Without letting herself hesitate, for Komachi knows intuitively that thinking twice will only break the distant chord of purpose she has latched onto, she shifts past Taishi and over to the front door. Upon reaching it, her fingers curl and twist at the handle, revealing the street and the authoritarian cars still stood outside, barricading her from the five-letter word her brother dedicated so much of his life to for a reason that is probably impossible to unravel.

"Komachi, what are you-"

"Thank you for the tea, Taishi-kun. And for being a friend. I... I know it doesn't seem like it, but you've helped me. You really have."

"W- wait, I don't understan-"

The cold air wraps around her again at the click of the door. The end of his sentence is muffled, but Komachi doesn't bother waiting, throwing herself through the small gate of their house and back onto the pavement.

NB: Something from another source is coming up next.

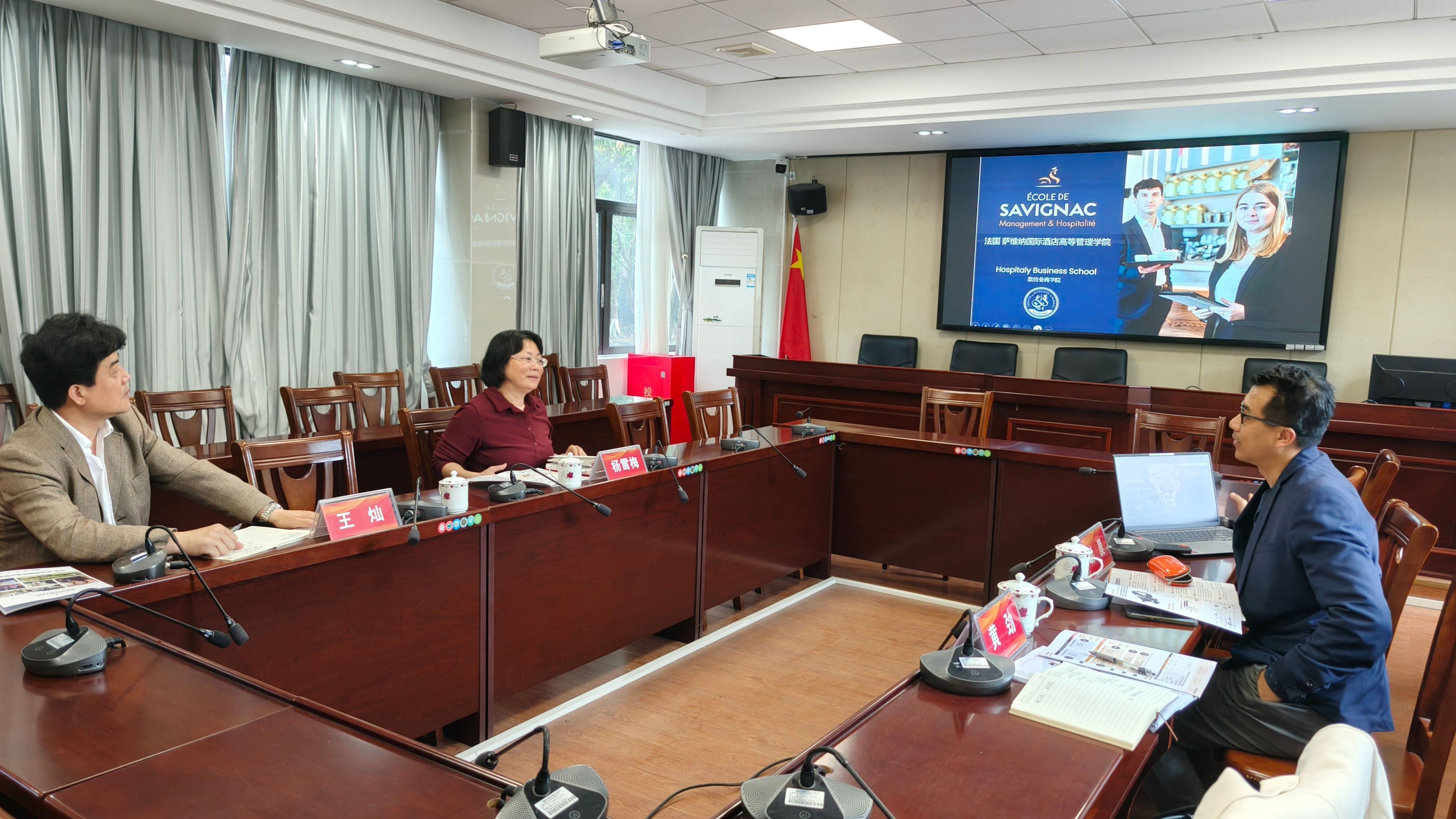 在旅游与历史文化学院的交流中,萨维纳国际酒店管理学院代表介绍了该校在酒店管理领域的卓越成就。萨维纳学院是世界顶级的酒店管理学院之一,其学士和MBA课程在酒店款待业教育方面享有盛誉,其中酒店与旅游管理本科专业2025年全法国排名第二。旅游与历史文化学院领导对萨维纳学院的教育模式和国际化视野表示赞赏,并积极表达了在师生交流互访、联合培养项目等方面开展合作的意愿。

She tilts her head back and breathes in the musty scent of exhaust fumes, and alongside that, a past dream, or nightmare, of herself and her brother.

Onii-chan... We are similar in so many ways, but I could never do what you did. There are things I care about except what you were searching for. Genuine, truth, right- whatever load of crap you labelled it as in your head. And I'm not going to justify how... how selfish it is that you want me to do the same.

There are other things I care about. I... I care about being happy too. Sometimes, being happy is more important than being right. Sometimes, being right is more important than being happy. But you're wrong if you think that they can't be the same thing. I know that they can. I believe it.

I have questions. Some of them are mine, some of the ones you've left for me, but... I will try, Onii-chan. I'll try to answer them. I promise. I'll try to answer them all the same. But there's one... there's one question...

I need to know that this isn't my fault.

If I don't get the answer I want, then I'll have to live with that.